I was lucky enough to study with Michael Shurtleff for 2 years when I was acting in NYC, in the 80’s. In my opinion, this book solidifies in very simple terms the choices an actor must make in order to create a believable character. What’s so beautiful about this, is it enables you to make those choices in the few minutes you have before you step into an audition.
This review is from Amazon.com:
Whether one is an actor, director, writer or teacher, Shurtleff’s book is simply a critical must read. Shurtleff who spent many years as a top casting director possessed an absolute love for the brave souls who dare to place themselves on the stage. His ultimate legacy to his beloved craft is this indispensable “How To” bible.
Much has been written already about his twelve guideposts, and I have nothing new to add to those already glowing (and well deserved) comments. What I did find most illuminative and refreshing is his comments on how to behave at the job interview. It is in this chapter that this book becomes helpful to even the non actor.
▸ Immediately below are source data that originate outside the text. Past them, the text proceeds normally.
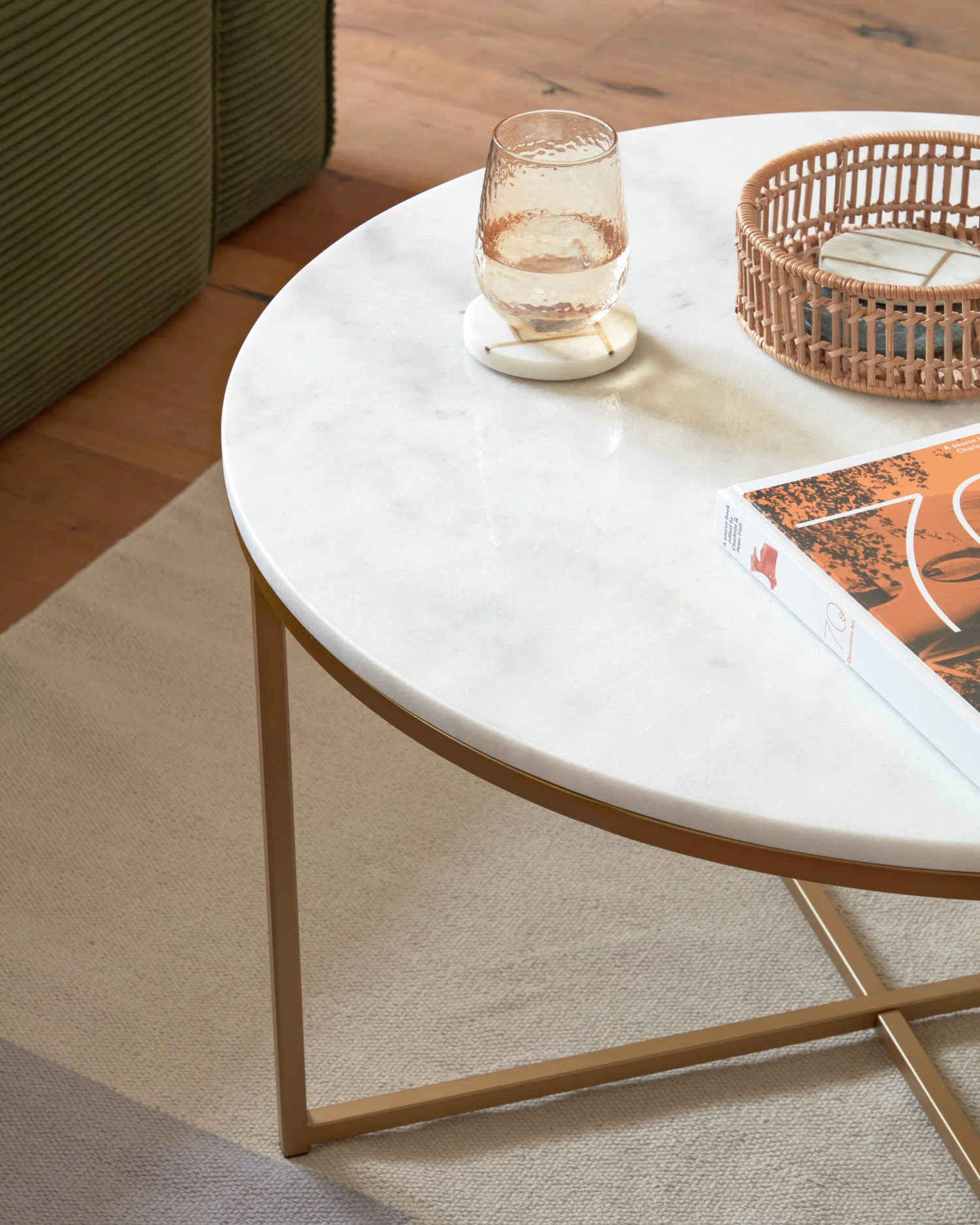 Side table with marble top and golden metal structure. Height: 71 cm.
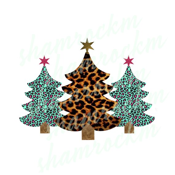 3 Cheetah Christmas Trees Featuring Teal And Pink 2 Png Etsy
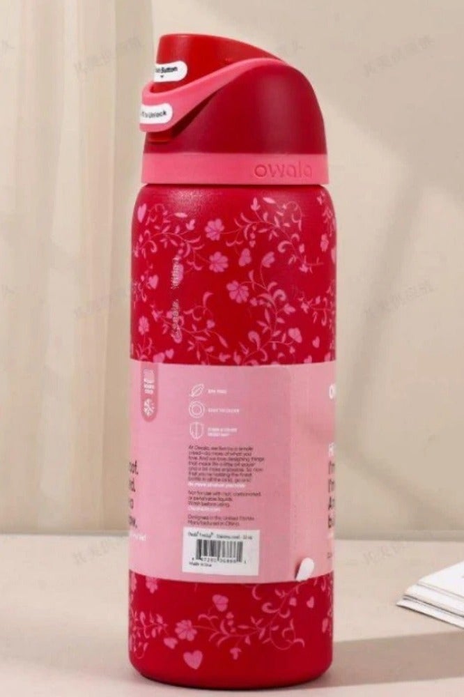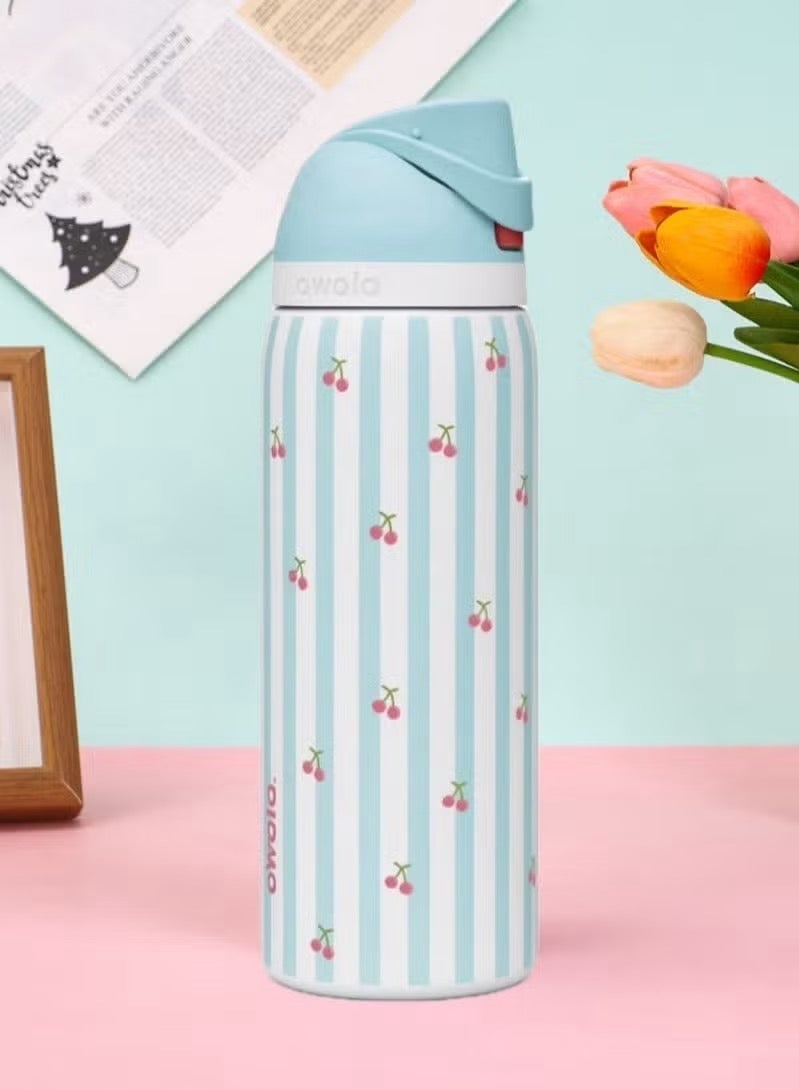 (Pillow Fight Cerises 24OZ)Freesip Insulated Stainless Steel Water Bottle With Straw For Sports And Travel, Bpa-Free, LIMITED EDITION Birthday Bash

In this chapter/section, Shurtleff urges all people to realize that ultimately the pressure in the job interview is on the employer and that a good prospect will immediately put the interview board at ease. All too often actors become so self centered and fail to realize that their performance is really about their audience, not them. The same is true therefore of the job interview. It is about the employer, not the employee.
As a teacher, Audition has been most helpful to me as it has provided objective certainty to an area filled with far too many subjective judgements. In other words, Shurtleff has helped define the skills and tasks necessary to train actors in a manner that will help them transition successfully from the educational venue to the professional market. He has given us clear, active objectives to teach toward.
In Audition, Shurtleff articulates what constitutes good, effective acting. Once that becomes defined clearly, then success becomes not a nebulous ideal, but rather a concrete proposition.
If this is not in your theatre library, it is time you add it now.